Yu Dahai, Missen Matthew, Jordan Kelvin P, Edwards John J, Bailey James, Wilkie Ross, Fitzpatrick Justine, Ali Nuzhat, Niblett Paul, Peat George
Primary Care Centre versus Arthritis, School of Medicine, Keele University, Keele, Staffordshire, UK.
Office for Health Improvement and Disparities, Department of Health and Social Care, London, UK.
Clin Epidemiol. 2022 Feb 17;14:179-189. doi: 10.2147/CLEP.S337323. eCollection 2022.

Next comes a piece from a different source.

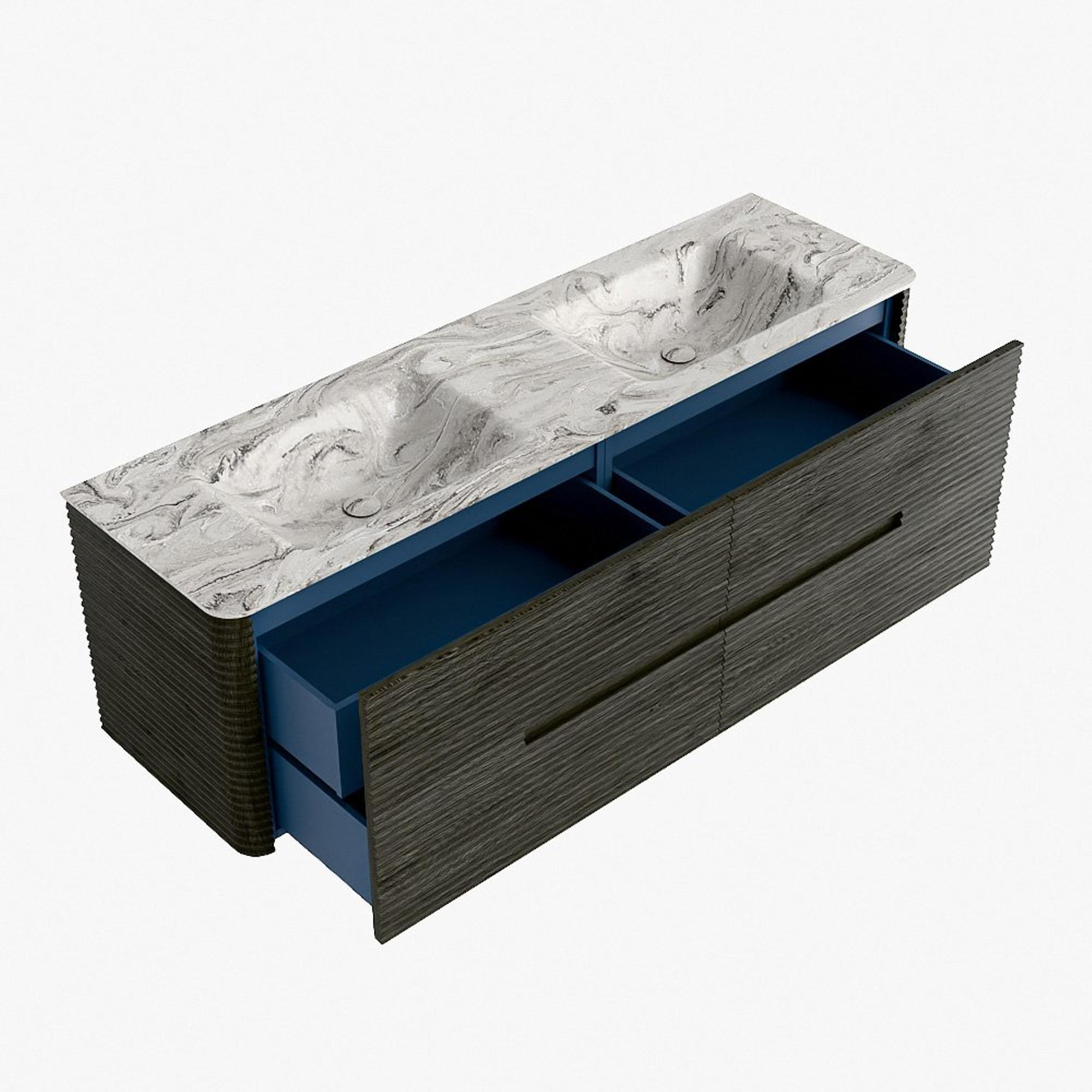 Mondiaz CIRO-DLUX Badkamermeubelset - 160x45x50cm - Solid surface wastafel Glace - 2 wasbak Dubbel - zonder kraangaten - 4 lades - Shadow
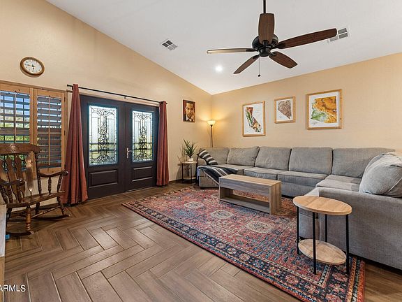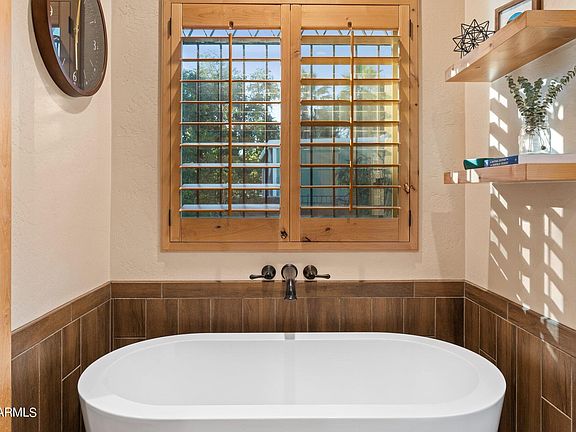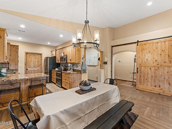 Exquisite home in the Historic Barnette Addition in the highly sought community of Wickenburg, AZ! Custom features abound in this home, including color-matched knotty alder cabinets, shelving, doors and plantation shutters. Wood look tile with a Chevron pattern throughout gives a modern yet soft touch to complement the rest of the homes upgrades. Unique tile work has been incorporated in all of the bathrooms as well as the kitchen back splash to provide cohesion with the design. The garden may be the most unique feature this home boasts, you really have to see it to believe it! 100% auto watered with exotic plant species which include multiple citrus trees and other fruit bearing trees and plants! See Features List!!

To compare estimates of annual person-consulting incidence and prevalence of low back pain (LBP) and osteoarthritis for two national English electronic health record databases (Clinical Practice Research Datalink (CPRD) Aurum and CPRD GOLD).
Retrospective, population-based, longitudinal cohort study. LBP and osteoarthritis cases were defined using established codelists in people aged ≥15 and ≥45 years, respectively. Incident cases were new recorded cases in a given calendar year with no relevant consultation in the previous 3 years (denominator = exact person-time in the same calendar year for the at-risk population). Prevalent cases were individuals with ≥1 consultation for the condition of interest recorded in a given calendar year, irrespective of prior consultations for the same condition (denominator = all patients with complete registration history in the previous 3 years). We estimated age-sex standardised incidence and annual (12-month period) prevalence for both conditions in 2000-2019, overall, and by sex, age group, and region.
Standardised incidence and prevalence of LBP from Aurum were lower than those from GOLD until 2014, after which estimates were similar. Both databases showed recent declines in incidence and prevalence of LBP: declines began earlier in GOLD (after 2012-2014) than Aurum (after 2014-2015). Standardised incidence (after 2011) and prevalence of osteoarthritis (after 2003) were higher in Aurum than GOLD and showed different trends: incidence and prevalence were stable or increasing in Aurum, decreasing in GOLD. Stratified estimates in CPRD Aurum suggested consistently higher occurrence among women, older age groups, and those living in the north of England.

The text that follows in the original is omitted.